**THE TASK:** Where the lines below hold images, skip those and copy every word exactly.

**DATA BELOW:**
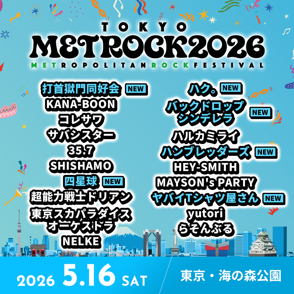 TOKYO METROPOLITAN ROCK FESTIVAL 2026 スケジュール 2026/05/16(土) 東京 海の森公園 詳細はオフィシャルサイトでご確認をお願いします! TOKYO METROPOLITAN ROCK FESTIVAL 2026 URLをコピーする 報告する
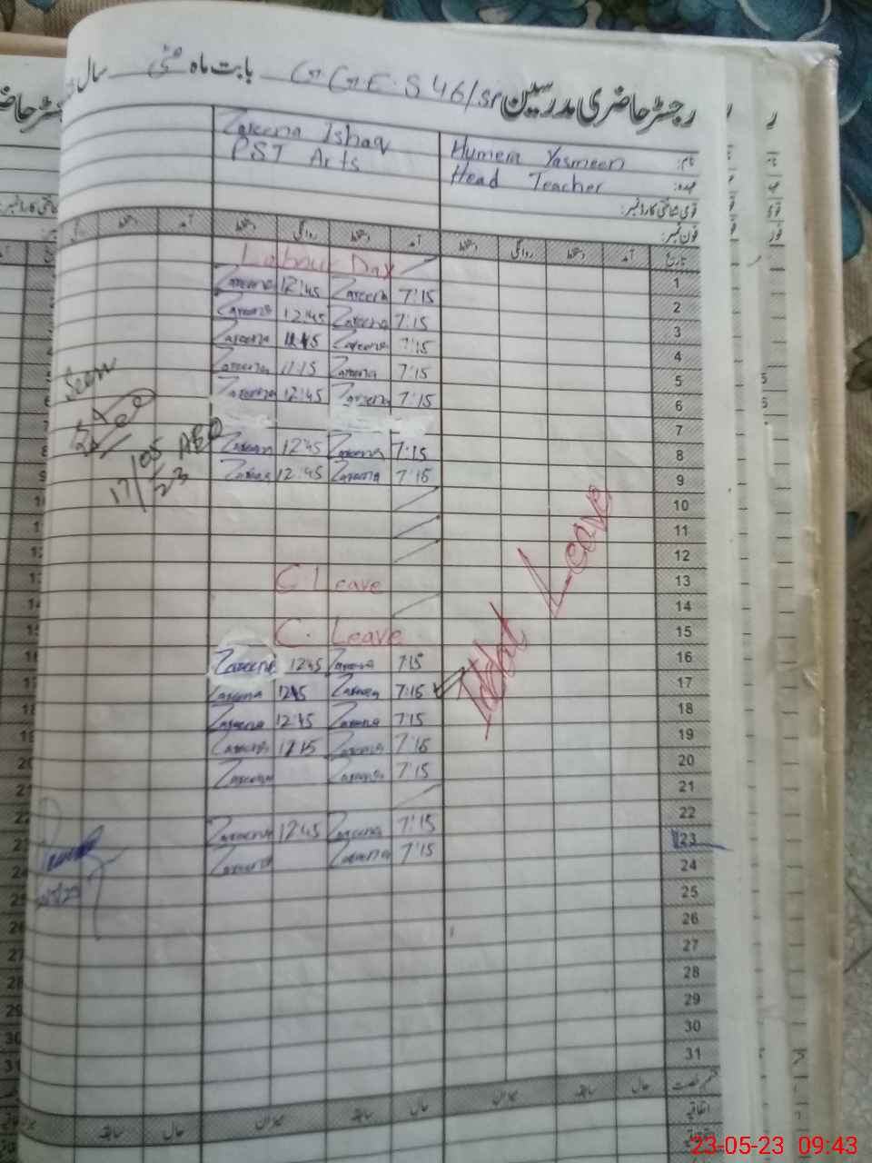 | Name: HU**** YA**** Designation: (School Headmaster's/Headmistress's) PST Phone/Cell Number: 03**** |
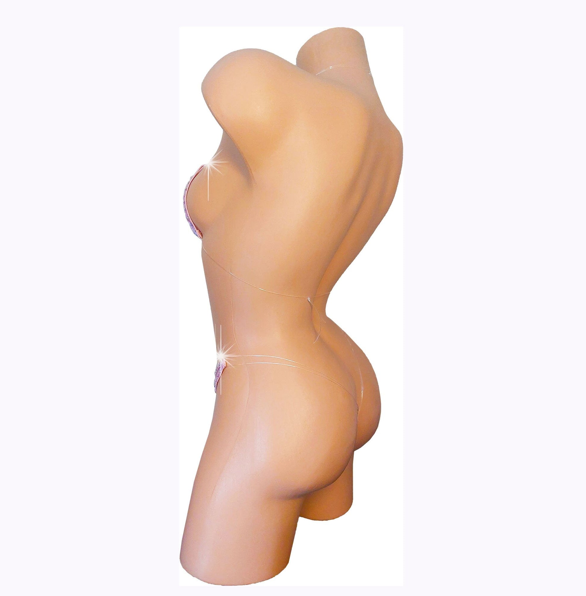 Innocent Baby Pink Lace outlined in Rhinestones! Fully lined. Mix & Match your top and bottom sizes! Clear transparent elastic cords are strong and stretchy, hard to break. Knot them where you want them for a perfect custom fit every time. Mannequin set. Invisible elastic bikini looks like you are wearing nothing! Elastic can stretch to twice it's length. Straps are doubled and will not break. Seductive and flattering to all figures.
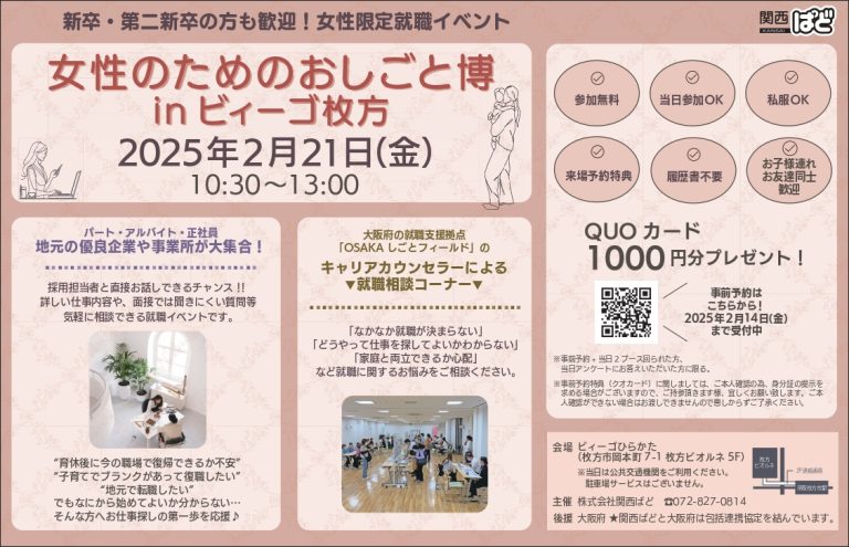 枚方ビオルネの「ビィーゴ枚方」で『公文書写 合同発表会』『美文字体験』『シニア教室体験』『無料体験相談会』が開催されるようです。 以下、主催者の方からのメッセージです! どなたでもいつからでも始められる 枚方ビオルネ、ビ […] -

**RESULT OF THIS EXERCISE:**
 TOKYO METROPOLITAN ROCK FESTIVAL 2026 スケジュール 2026/05/16(土) 東京 海の森公園 詳細はオフィシャルサイトでご確認をお願いします! TOKYO METROPOLITAN ROCK FESTIVAL 2026 URLをコピーする 報告する
 | Name: HU**** YA**** Designation: (School Headmaster's/Headmistress's) PST Phone/Cell Number: 03**** |
 Innocent Baby Pink Lace outlined in Rhinestones! Fully lined. Mix & Match your top and bottom sizes! Clear transparent elastic cords are strong and stretchy, hard to break. Knot them where you want them for a perfect custom fit every time. Mannequin set. Invisible elastic bikini looks like you are wearing nothing! Elastic can stretch to twice it's length. Straps are doubled and will not break. Seductive and flattering to all figures.
 枚方ビオルネの「ビィーゴ枚方」で『公文書写 合同発表会』『美文字体験』『シニア教室体験』『無料体験相談会』が開催されるようです。 以下、主催者の方からのメッセージです! どなたでもいつからでも始められる 枚方ビオルネ、ビ […] -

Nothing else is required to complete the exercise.